多分誰もそのことに気づいていないだろうし、本人だとは決まったわけでもない。
もし本人でなかったら、なんのためにって話でもあるけど。
「ええと…………」
頭の中でその回答を考えているうちに口ごもってしまっていた。
「おい、まさか……」
「え? まさかって……は? 嘘でしょ?」
俺のその様子から何かを感じとったのか、冬矢が察したような呟きを見せる。
そして冬矢の言葉からしずはも何かに気づいたようで――、
「い、いや……勘違いかもしれないけど……」
「はぁ……お前なぁ……」
「そんなことある!?」
「今日のお前らの会話意味わかんね〜」
冬矢としずはが察したという前提で俺は会話を続ける。
ただ、陸にだけはまだ話せていなかったので、少し申し訳なかった。
「文化祭までの負担が特に大きくなるのは冬矢としずはになっちゃうと思うんだけど……」
「まぁ、そうだろうな」
だから、強くは言えない。
あくまで提案なのだ。
「エルアールは女性だろ? お前のキーにも合わせなきゃならないし」
「まぁ、ね」
ともかく今までより打ち込みが大変になるだろう。俺たちも耳コピで弾かなければいけない。
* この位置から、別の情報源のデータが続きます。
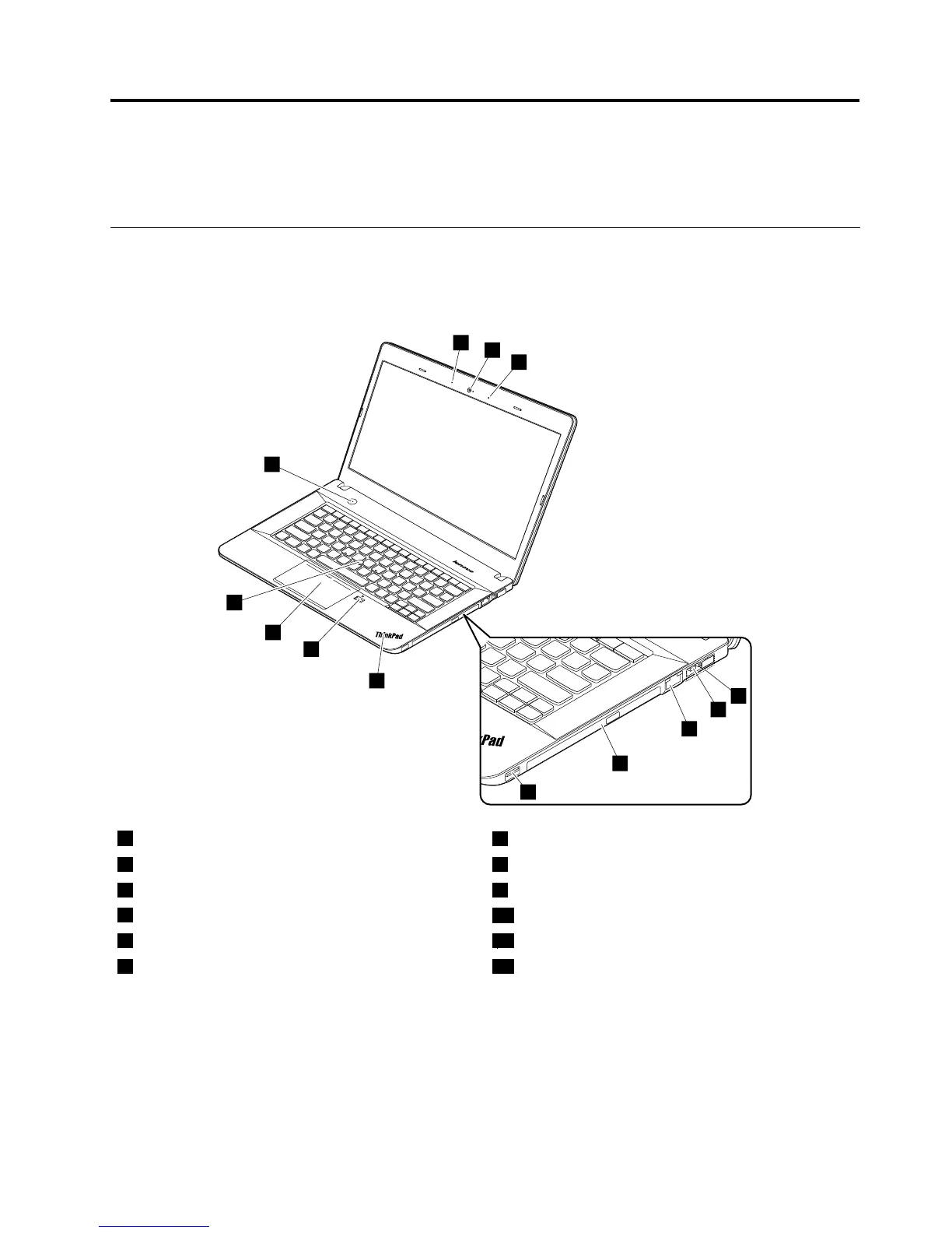 ThinkPad Edge E440 - Chapter 7. Locations; Locating Computer Controls, Connectors, and Indicators; Front View

「――ったく。頼れって言ったけどよ、本当に大変なことで頼りやがって……」
「できないことはないと思うけどさ。本番は時間あるかわからないんだよ?」
結局はそこだ。当日の時間に余りがなければいけなかった。
「そうだね。そうなったら、本当に申し訳ないけど……」
「なら、余計なことせずにすぐに演奏に入れるように流れを作ればいいじゃん」
陸の提案は前向きだった。
「いいじゃん。さっきは俺もちょっと否定的なこと言ったけどさ。光流から始まったバンドなんでしょ? なら光流が決めれば良いんじゃない?」
「陸……」
陸の言葉に冬矢としずはが顔を見合わせる。
「――今日は全員にパフェだな」
「私パンプキンチョコバナナパフェにする〜」
「俺はイチゴショコラパフェ〜」
冬矢がパフェを俺に奢ってほしいことを言い出すとしずはと陸がパフェを頼もうとする。
「……四曲目、良いってこと?」
「パフェだけじゃ割に合わない気もするが……中学最後の文化祭だしな」
「やりたいこと、全部やったほうが良いよ」
「ありがとう……皆」
こうして、俺たちは残り一ヶ月の間、四曲目を練習することになった。
◇ ◇ ◇
――疲れ果てて腕すら満足に上がらない陸の意気込みを聞いて、力が入った。
少しだけ時間がある。なら、やるしかない。
「――皆、『エルアール』って知ってる?」
俺は観客にそう聞いた。
「知ってる!」「最近のやつじゃん」「えっ、もしかして」「一ヶ月前に出てきた人だよね?」
そんな声がちらほらと聞こえてくる。
「練習期間が凄く短くて……でも、やろうって決めました」
多分他の曲よりも拙い演奏になると思うけど。
それでも、必死にやってやる。
「じゃあ本当に最後の曲です! 聴いてください『エルアール』で『星空のような雨』!」
陸が「行くぞっ!」と声を振り絞ると、四度のスティック音が弾ける。
――最後の曲が始まった。
いきなりサビから始まるエルアールの曲。
つまり、俺の歌から始まる。
「――君が私に教えてくれた世界は ♪」
少しのサビを歌い終わったあとに前奏が始まる。
この時点で疾走感溢れるJポップだと伝わる。
アメリカで作ったと思われるが、日本人向けの曲になっていた。
『――わあぁぁぁぁぁ!!!』
最初のサビが終わった時点で、観客からものすごい声が上がった。
エルアールの曲を知っている人が多いからか、初っ端から観客たちが手拍子でリズムをとってくれていた。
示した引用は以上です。